EO. Comment envisagez-vous l'avenir de TAT Productions et du marché de l'animation ?
J-F. T. Nous estimons que le marché de l'animation restera important, notamment pour le public enfantin. Les générations futures continueront d'être captivées par l'animation, étant le principal contenu auquel les enfants jusqu'à 8, 9, 10 ans auront accès. Il s'agit d'un public captif qui apprécie les histoires racontées à travers des personnages animés.
Cependant, l'émergence de géants dans ce secteur, maintenant que le marché a atteint sa maturité, nécessitera une attention particulière à la qualité technique et artistique. Un écrémage pourrait se produire dans les prochaines années, avec de nombreux studios entrant dans le domaine de l'animation. Bien que la concurrence soit forte, nous espérons maintenir notre position privilégiée en offrant une production de qualité, régulièrement reconnue et primée, en plus de remporter des succès publics.

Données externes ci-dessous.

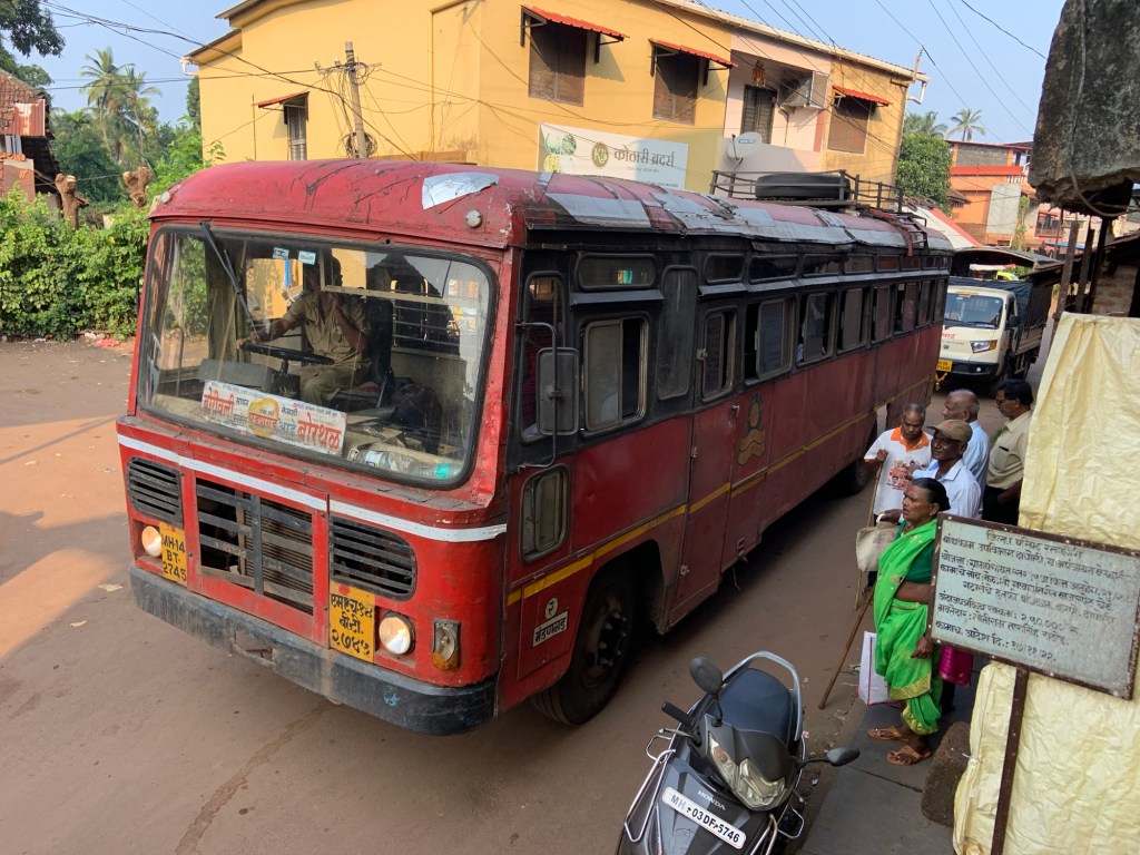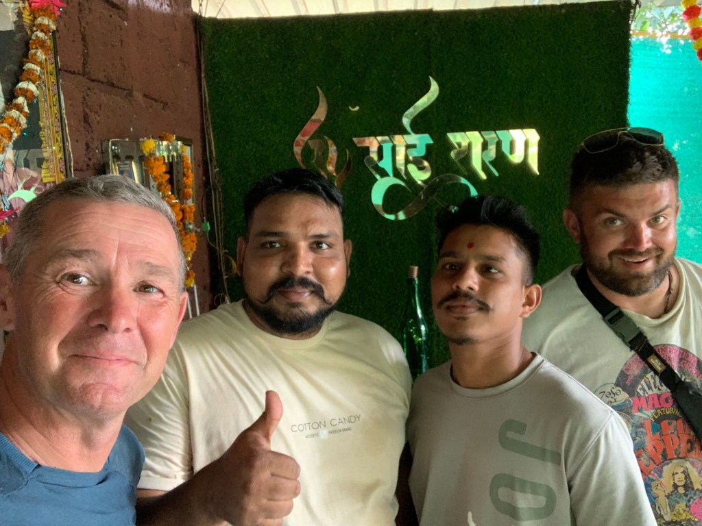 By the time we left Dighi, the temperature was brutal. My Garmin suggested 40°C. I believed it. We got some genuine roadside kindness from a doctor and his family, who stopped their car, took photos and gave us water. After an hour or so (can’t remember!), we stopped for lunch at a little place a bit off the road and I had a cashew masala, and a photo shoot with all of the restaurant staff!

EO. Est-ce que le marché du 7e art permet aux indépendants de trouver leur place ?
J-F. T. Le marché du cinéma a connu des changements significatifs, en particulier après la période du Covid. Bien que la France revienne à des niveaux de fréquentation proches de ceux d'avant la pandémie, la polarisation de la fréquentation est devenue plus prononcée. Il existe d'énormes succès et des échecs importants, avec peu d'entre deux. La place pour les films du milieu diminue, ce qui est inquiétant pour l'avenir.
Heureusement, TAT Productions a bien traversé cette période et continue de connaître des succès. Cependant, il est important de noter que le marché du cinéma est en constante évolution.
En ce qui concerne l'animation, c'est un genre qui attire encore les exploitants et les familles, offrant un contenu familial de qualité. Cependant, en raison de la popularité croissante de l'animation, de plus en plus de studios américains se sont lancés dans ce secteur.
"La concurrence est plus intense avec un grand nombre de films d'animation américains qui sortent régulièrement, rendant difficile pour les indépendants comme nous de trouver des dates de sortie opportunes. L'animation demeure un genre "refuge", et bien que les places deviennent plus chères, nous continuons de travailler sur des projets de qualité".
EO. Au vu des nombreux projets et aventures qui vous attendent, êtes-vous à la recherche de nouveaux talents ?
J-F. T. Nous anticipons des besoins de recrutement dans les prochains mois, passant de 300 à environ 350 ou 400 salariés. Nous avons fixé une limite à 400, estimant que c'est une échelle raisonnable pour maintenir un environnement humain et familial autant que possible. Nous cherchons plus que des techniciens, nous recherchons des talents d'auteurs qui apporteront des idées innovantes et des projets que nous n'avons pas encore explorés.